Having established his character in the first film, Soderbergh looks at his character's limits in the second. As the movie meanders through beautiful highland forests, a handheld camera takes in intimate scenes of small bands of weary and undersupplied soldiers. Sweeping shots of mountains and valleys, while beautiful, hint at the revolutionaries' distance from the people. Where the first part showed hordes of troops and admirers and cities full of welcoming citizens, in the second, Che has to deal with peasants who hate and distrust him, and soldiers who barely have the will to go on.

Soderbergh does a good job of both showing Guevara's determination and questioning the legitimacy of the Bolivian plan. And throughout the second part, one feels the grim sense that Guevara has gone a step too far.

The tragic end is a traditional part of epic storytelling, and Soderbergh definitely gives Guevara's life the epic treatment. What he doesn't do is make Guevara more than human, or beyond reproach. He also doesn't fall for the trap of turning the film into a simple political commentary on Guevara's life.
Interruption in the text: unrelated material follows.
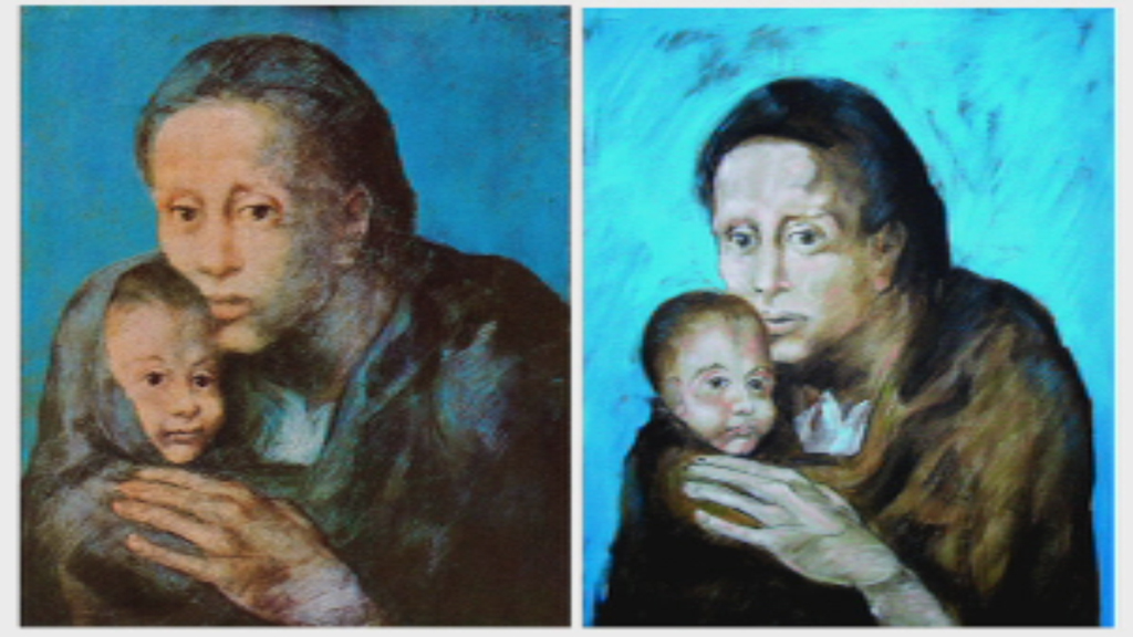 Пабло Пикассо «Мать с ребенком» (слева — оригинал, справа — копия Бельтракки)

The biggest mistake would have been to try to create a politically balanced film, giving voice to all opinions on Che's life and works.

Instead, Soderbergh creates a more personal film, and I'm sure he'll be faulted for that by commentators from all parts of the political spectrum. But Che is a work of art much more than it's an attempt at political statement-making, and on that front, what Soderbergh has done is truly impressive.